- _ABOUT THIS TASK_:
Quote exactly, and only, the lines of the material below from the line with "University of Pretoria's" through the line with "Playing with the Kittens".

- _THE DATA_:
*** Block opens ***
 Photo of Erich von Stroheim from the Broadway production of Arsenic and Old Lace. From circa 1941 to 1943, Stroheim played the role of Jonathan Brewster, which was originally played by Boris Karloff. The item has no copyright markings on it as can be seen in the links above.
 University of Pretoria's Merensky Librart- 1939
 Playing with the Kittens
*** Block closes ***
*** Block opens ***
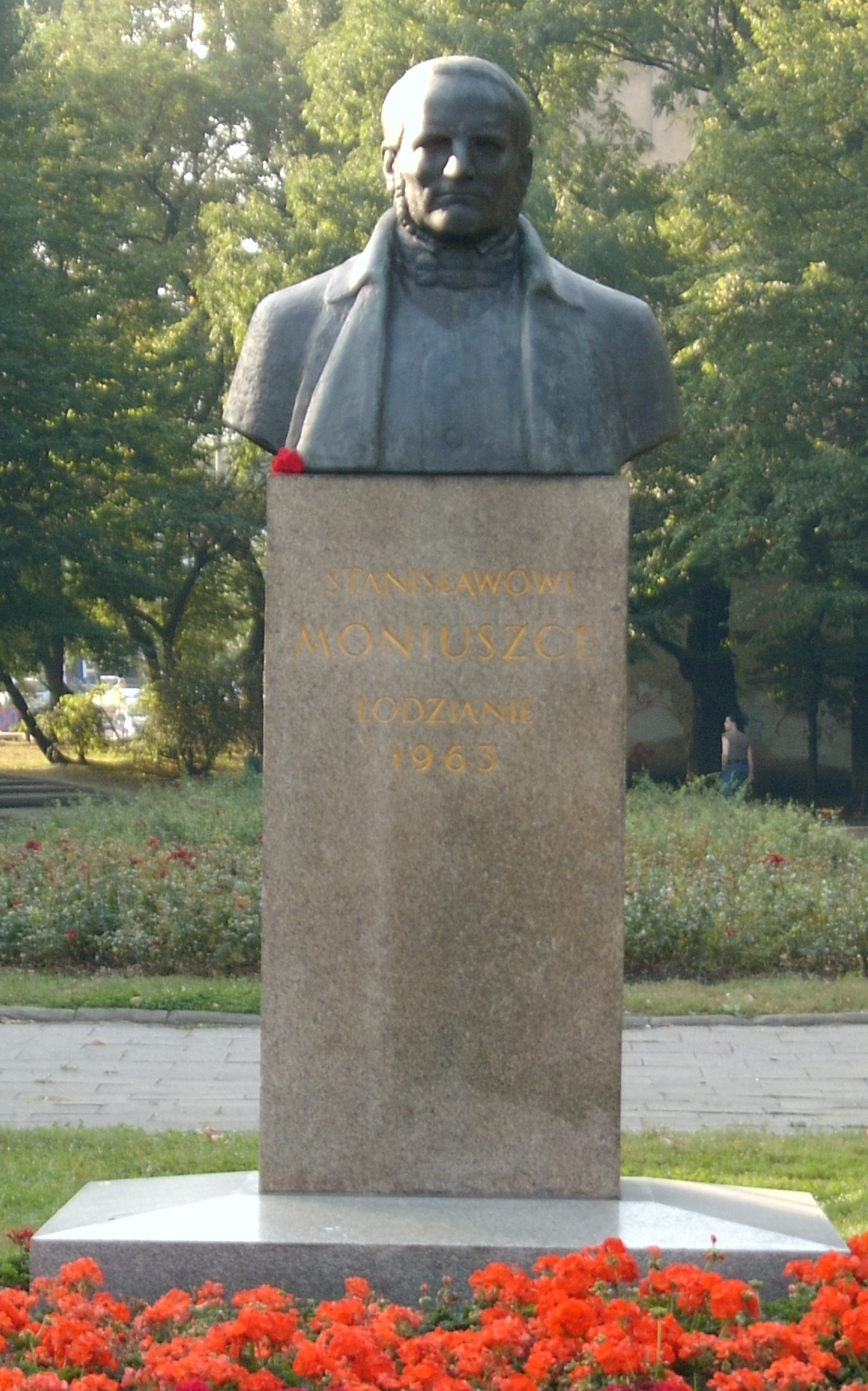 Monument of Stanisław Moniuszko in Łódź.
*** Block closes ***
- _OUTPUT FOR THIS EXERCISE_:
 University of Pretoria's Merensky Librart- 1939
 Playing with the Kittens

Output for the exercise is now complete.